Records excerpted from a collection:
=== Begin Enclosure ===

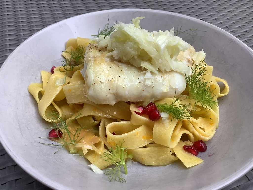 - Dressage : un nid de tagliatelles, poser dessus le poisson. Verser un peu de sauce. Surmonter du fenouil émincé. Décorer avec les pluches de fenouil, la grenade et un tour de poivre du moulin.
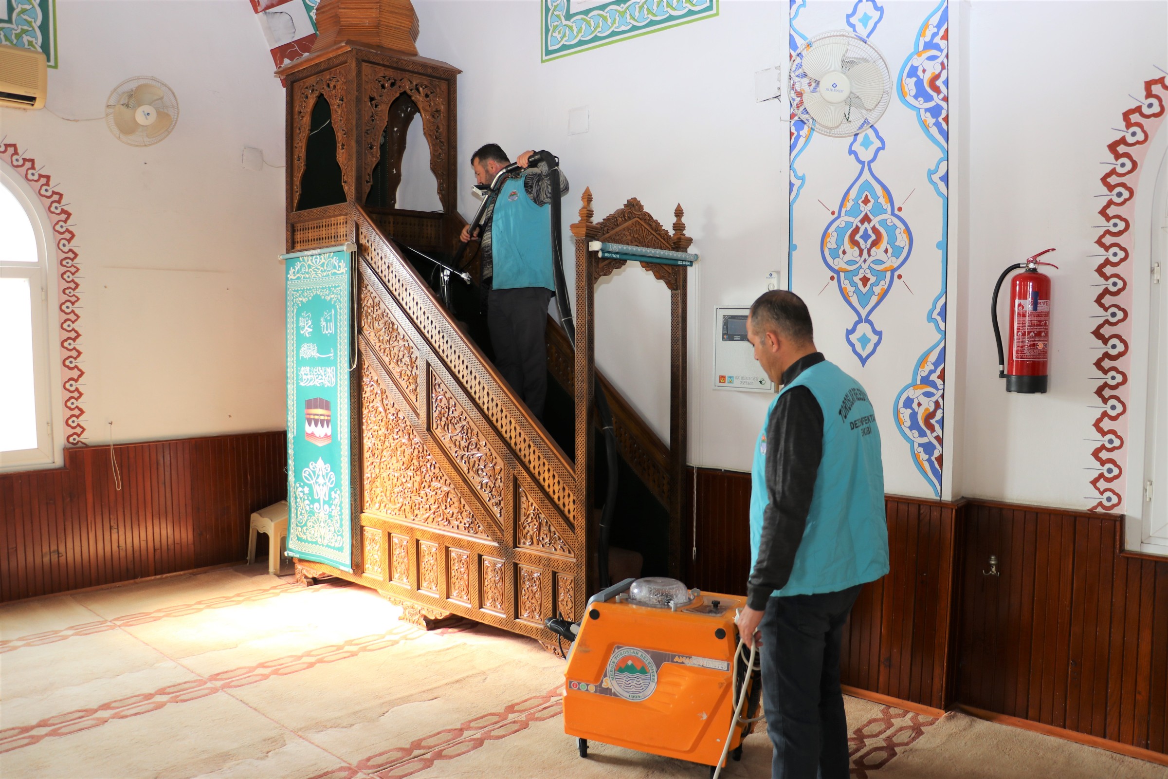 İbadethanelerdeki halılar, halı yıkama makinesiyle yerinde yıkanırken; avlu, tuvalet, kapı kolları ve ayakkabılık gibi temasın olabileceği tüm yüzeyler dezenfekte ediliyor.
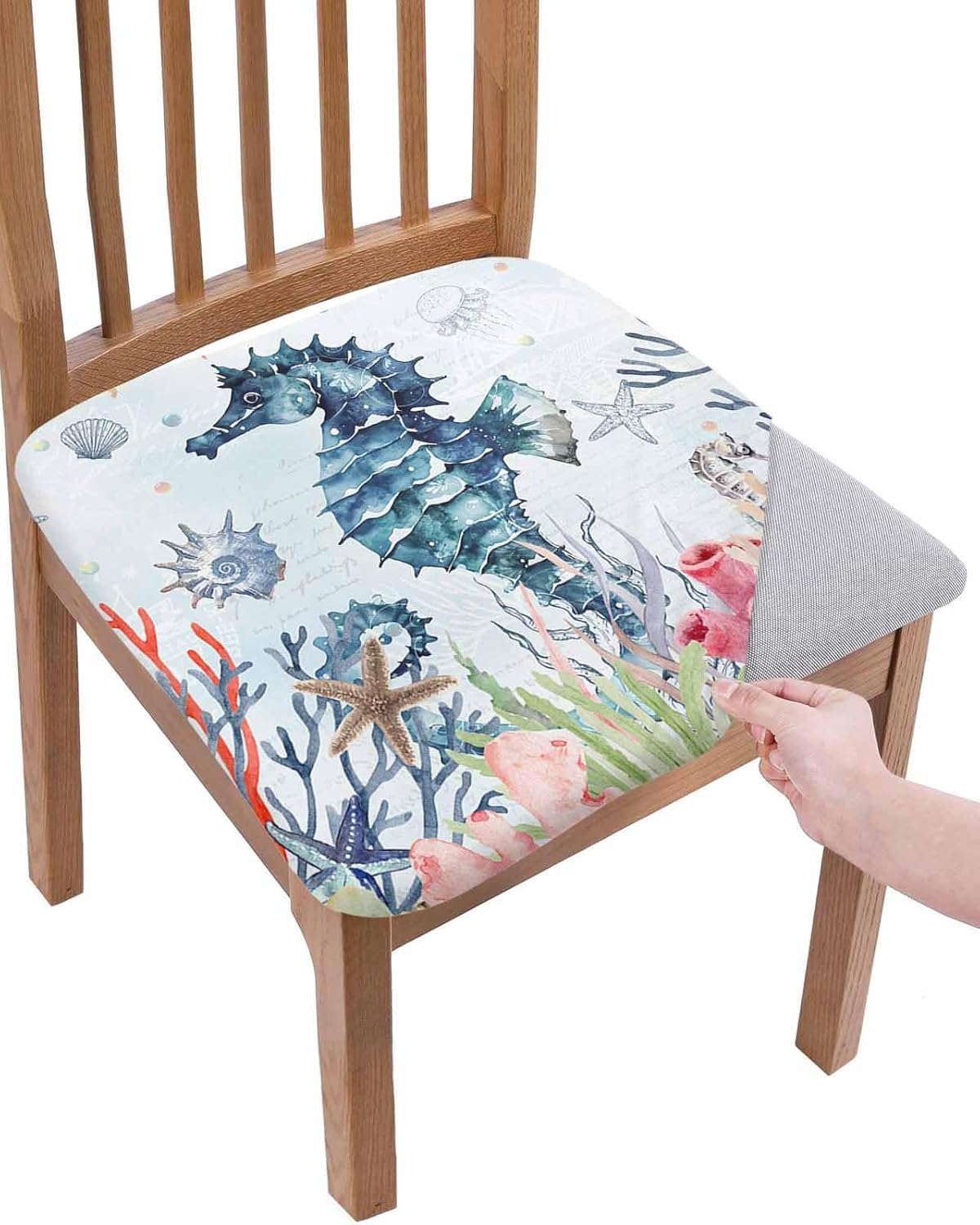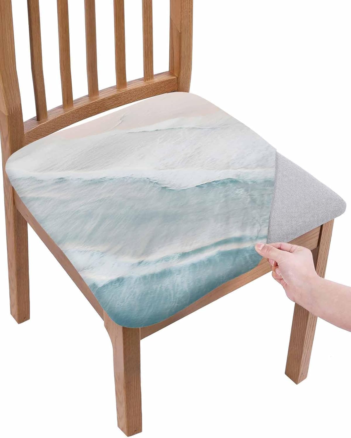 Premium Chair Covers: - Our chair cover fabric is soft and comfortable, so you don't get tired after sitting for a long time - Exquisite one-sided printing, beautiful and fashionable - Removable and washable, can be reused - The elastic design makes the installation of the seat cover more convenient - The elastic lock side is compliant and does not slip About Size: The size of the dining chair cover is 13.7" x 13.7", which can be applied to cushions with a length of 13.4"-18", a width of 13.4"-18", and a thickness of 1"-2.4" Application: office chair cover, cushion covers, dining room chair covers, chair covers for party chair, bar stool covers, wedding chair covers, etc. Summer Room Decoration: The embodiment of loving life is not complicated, just the right color is needed. The soft texture of the chair cover feels more comfortable to the touch, and a few simple installation steps inadvertently improve the quality of life. Easy to Install: Chair seat cover is easy to install, suitable for dining chairs, kitchen chairs, banquet chairs, electric wheelchairs, bar stools, armchairs, office chairs, glider ottoman, needlepoint chairs, accent chairs and more. Care Instructions: Avoid washing with other dark colors. Machine wash cold separately, gentle cycle only, do not bleach, tumble dry low or hang to dry. Number of Pieces: 1 pcs/2 pcs/4 pcs/6 pcs Fabric: polyester Function: dustproof/sunscreen/scratch-proof/decoration Installation steps: Step 1 Remove the seat cushion from your chair Step 2 Slip on the seat cover to the seat cushion Step 3 Fasten the back buckle of the seat cover Step 4 Reinstall the covered seat cushion into the chair
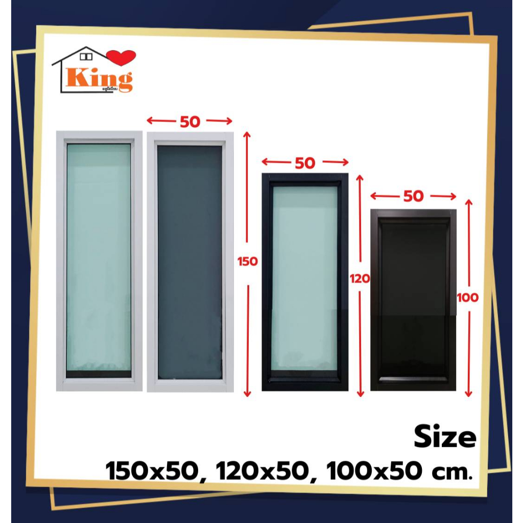 หน้าต่าง อลูมิเนียมช่องแสง[บานตาย] 180x50, 150x50, 120x50, 100x50 cm.[ถูกสวยดีมีคุณภาพ][วงกบขอบใหญ่][สินค้าคุณภาพ]
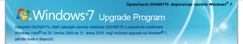 GIGABYTE poskytne nabídkový formulář Microsoftu s určitými modely notebooků distribuovaných s edicemi Windows Vista přeinstalovanými po 26. červnu 2009. Pokud je na vašem notebooku přeinstalován operační systém Windows Vista® Ultimate, Windows Vista® Business, nebo Windows Vista® Home Premium, byl distribuován po 26. červnu 2009, ale neobsahuje nabídkový formulář Microsoftu, informujte se u prodejce, je-li tento notebook zahrnut do programu možnosti upgradu.
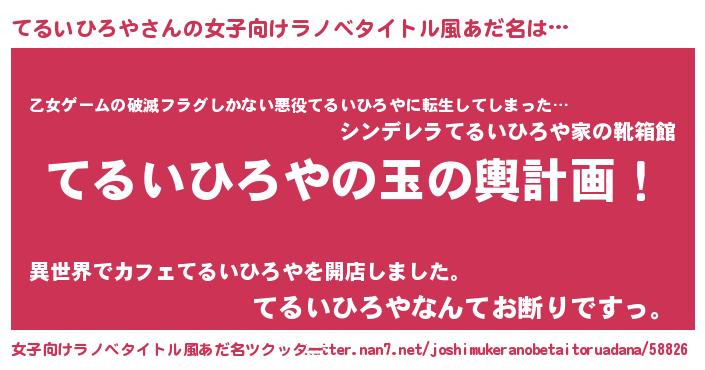 てるいひろやさんの女子向けラノベタイトル風あだ名は… 『てるいひろやの玉の輿計画!』『乙女ゲームの破滅フラグしかない悪役てるいひろやに転生してしまった…』『てるいひろやなんてお断りですっ。』 ツクッター #女子向けラノベタイトル風あだ名ツクッター http://tkutter.nan7.net/joshimukeranobetaitoruadana/58826/
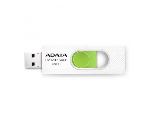 Флешка ADATA UV320, 64GB, USB3.0, White-Green, Plastic, Slider (R/W:80/20MB/s) Стандарт USB USB 3.0 Объём памяти, Гб 64
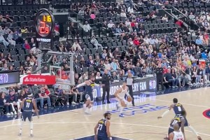 船蜜大喜!大洛点飞瓦兰横撤步飚进三分,首节第3记三分了!
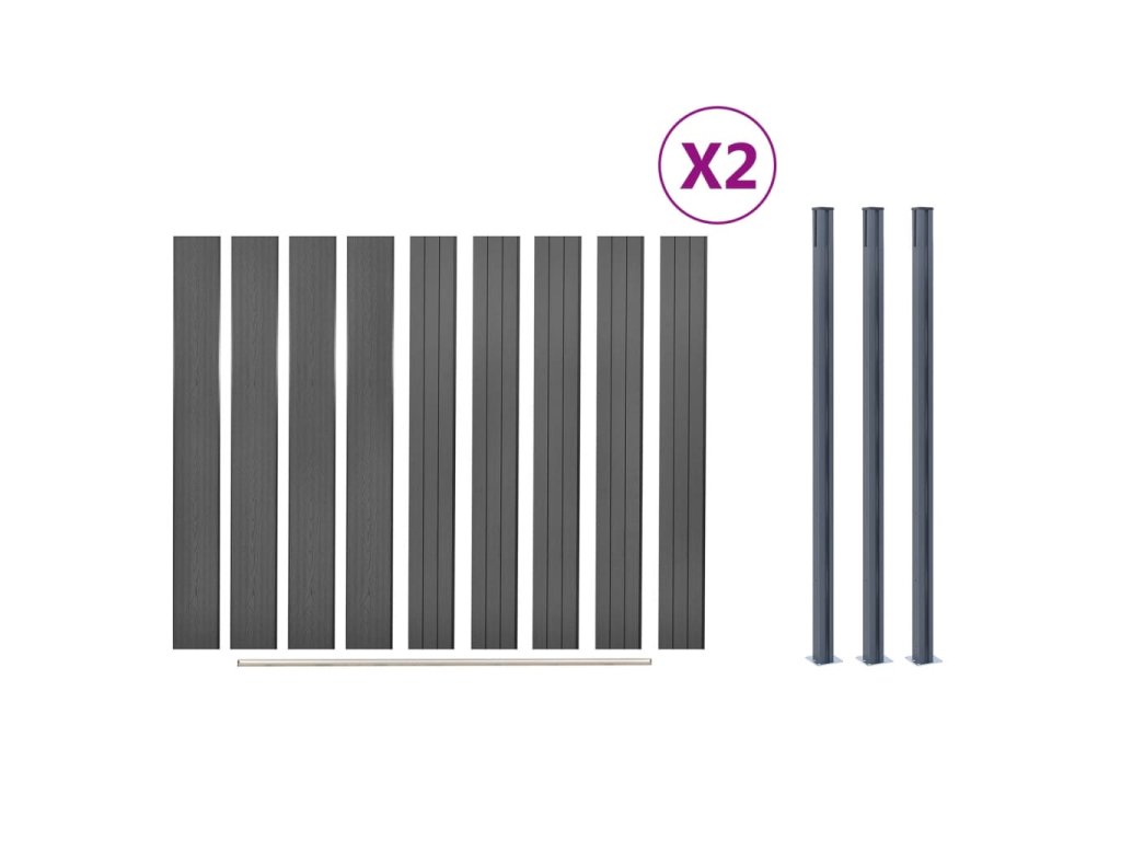 Multidom Sada plotových panelov sivá 353x186 cm WPC
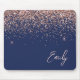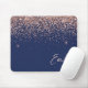 Navy Blue Rose Gold - Blush Pink Glitter Monogram Mouse Pad
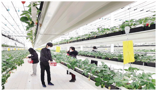 记者在现场看到,高架上一排排草莓苗长势喜人,绿油油的叶子下面点缀着一颗颗红色、白色果实,鲜嫩欲滴,整个温室内香气宜人,不少游客正在体验采摘草莓的乐趣。
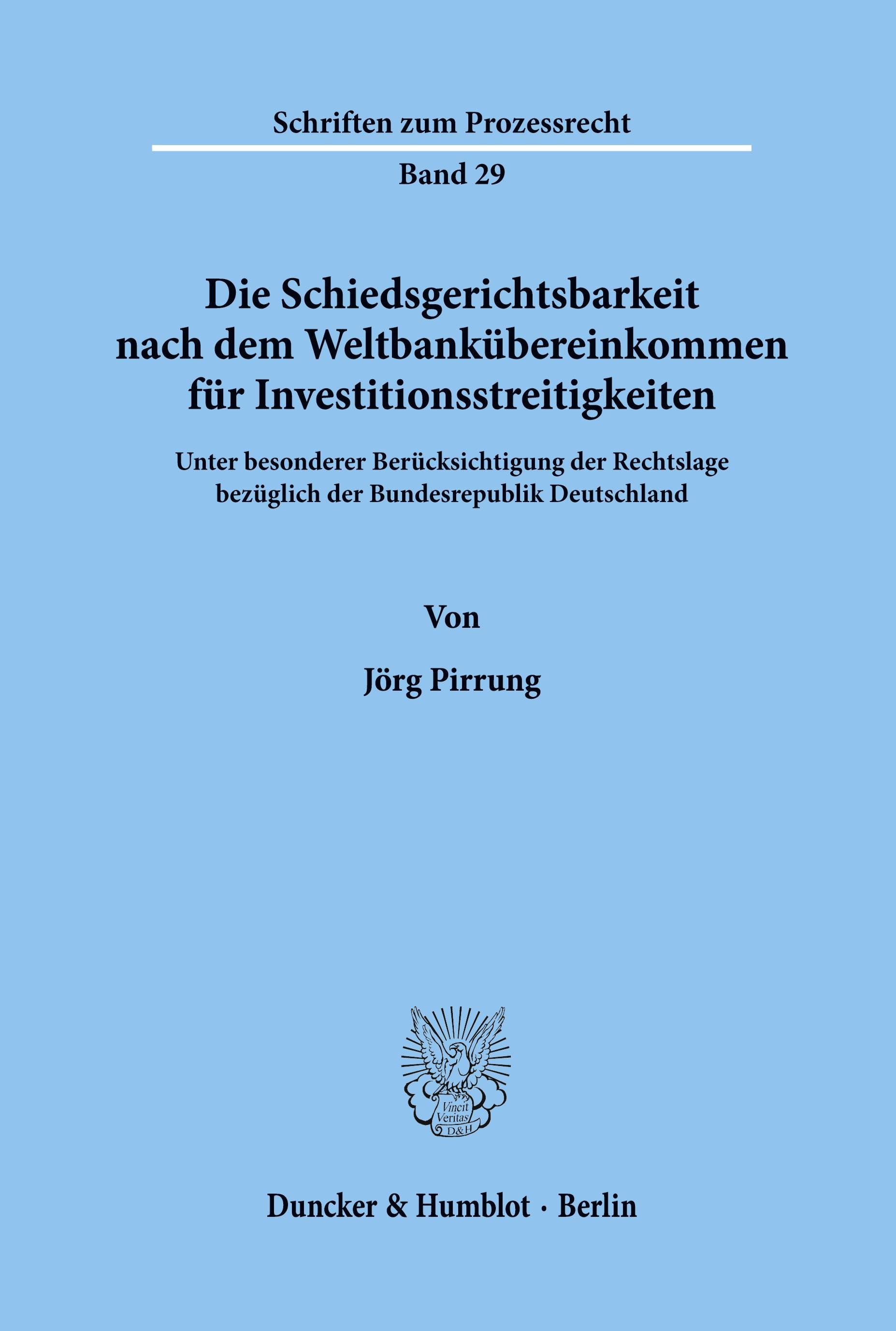 Die Schiedsgerichtsbarkeit nach dem Weltbankübereinkommen für Investitionsstreitigkeiten (niemiecki)
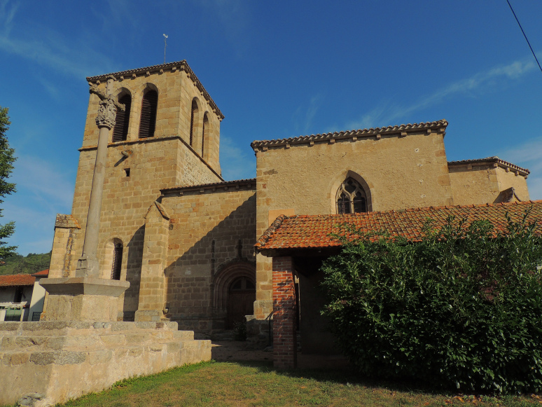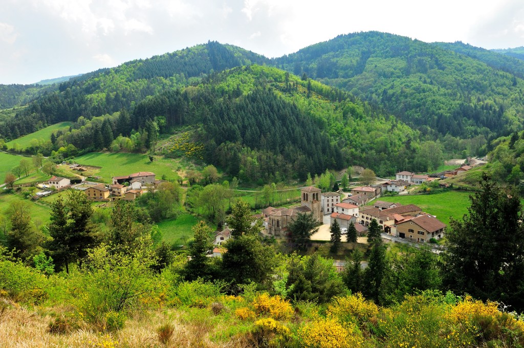Le bourg de la commune est installé à l’intersection de deux rivières. En son cœur, sur une petite bute, se dresse une église de style gothique forézien datée de 1470 ; sa construction a duré 26 ans. Juste à côté, une croix de cimetière du début du XVIᵉ siècle marque l’emplacement de l’ancien cimetière. Cette croix sculptée accueille sur son fût une représentation de saint Laurent. L’église et la croix sont inscrites monuments historiques. Au bas de la bute de l’église, de l’autre côté de la rivière, les maisons ont été l’habitation du curé de la paroisse.

=== End Enclosure ===

→ **TASK**:
Word for word, copy the lines from the one with "Die Schiedsgerichtsbarkeit nach" through the end of the entries above, and do not include any picture.

→ **WRITTEN RESPONSE**:
 Die Schiedsgerichtsbarkeit nach dem Weltbankübereinkommen für Investitionsstreitigkeiten (niemiecki)
Le bourg de la commune est installé à l’intersection de deux rivières. En son cœur, sur une petite bute, se dresse une église de style gothique forézien datée de 1470 ; sa construction a duré 26 ans. Juste à côté, une croix de cimetière du début du XVIᵉ siècle marque l’emplacement de l’ancien cimetière. Cette croix sculptée accueille sur son fût une représentation de saint Laurent. L’église et la croix sont inscrites monuments historiques. Au bas de la bute de l’église, de l’autre côté de la rivière, les maisons ont été l’habitation du curé de la paroisse.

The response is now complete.